It is very hard to write and to think when all I want to do is to crawl into bed and sleep. I want to ignore my alarm and stay firmly held between blankets and mattress. I Want to pretend the day is not existing and no one needs me for anything. I want to make-believe.

But instead, I am at work. I left my bed. I rode a train for an hour. I got to work. Work is happening.


As the Internet is down for everyone. The cafeteria is unusually busy. The water cooler chatter is high. The paper-thin walls surrounding my office are even more annoying than usual because all I can hear is the office next door socializing, laughing and carrying on. All I can hear is people having fun.

A workday holiday. However temporary it may be.

Meanwhile I field calls about this afternoon’s event. With questions I can’t answer because I simply do not know. How will this work over a tethered connection? I don’t know. I laid out the options given the setting for the event. It’s what we have to work with. Will we be back up by then? I do not know. No one knows.

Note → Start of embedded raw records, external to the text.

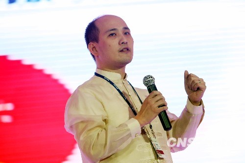 十一月二十一日,第十届世界华商大会上举行“菲律宾投资推介会”,菲资讯及通信科技署长蔡继敦发表主题演讲。蔡继敦是年轻的华裔官员在当地享有盛名。中新社发 洪少葵 摄
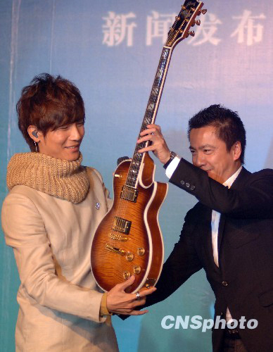 图为华谊兄弟传媒集团CEO王中磊将一把价值不菲的Fender电吉他赠予陈楚生,希望他能用这把吉他在未来带给大家更多好的原创音乐。中新社发 李学仕 摄
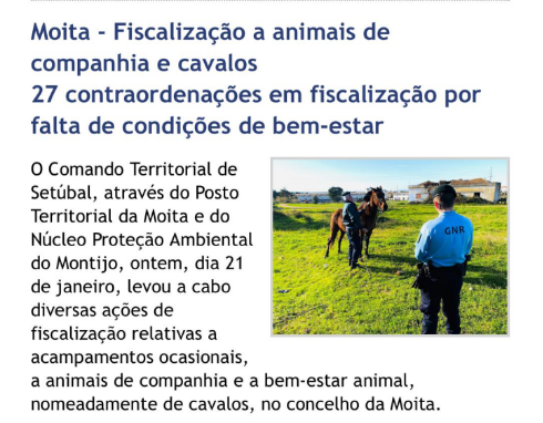 Com vista a dar resposta eficaz a este problema, “o Posto Territorial da Moita e o Núcleo de Proteção Ambiental do Montijo, no passado dia 21 de janeiro, levaram a cabo diversas operações relativas a acampamentos ocasionais, animais de companhia e a bem-estar animal, nomeadamente de cavalos no concelho da Moita. Foram fiscalizados 11 cães, 9 cavalos e 9 proprietários identificados”, como relata o jornal Rostos.
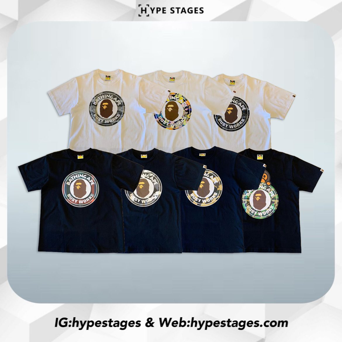 The BAPE Busy Work Tee highlights the brand’s heritage with a bold “Busy Works” emblem featuring the classic Ape Head logo at the center. With multiple camo patterns and colorways such as Space Camo and Multicolor Camo, this tee captures BAPE’s timeless blend of streetwear attitude and graphic design excellence.

If we are, great. If we are not, prepare yourselves for a Plan B experience.

These things happen. They are not ideal but I’ve found in my professional career things are rarely ideal. The best we can do is to come up with a workable plan. What is the most important part of the session today?

The audio. You want people to be able to hear what is going on in the National Office. You want the voices heard and the questions answered. The slides are a nicety. The video is a bonus.

The point of this event is to answer questions from your staff and to share the directions of the agency. That can be done, in its simplest form through text.

Email. Web page. Nothing fancy.

When unexpected things happen, focus on what the point of the session is and build up from there. Don’t get hung up on what you planned to do. Focus on how to get your message and information out to your staff. The rest is just windows dressing.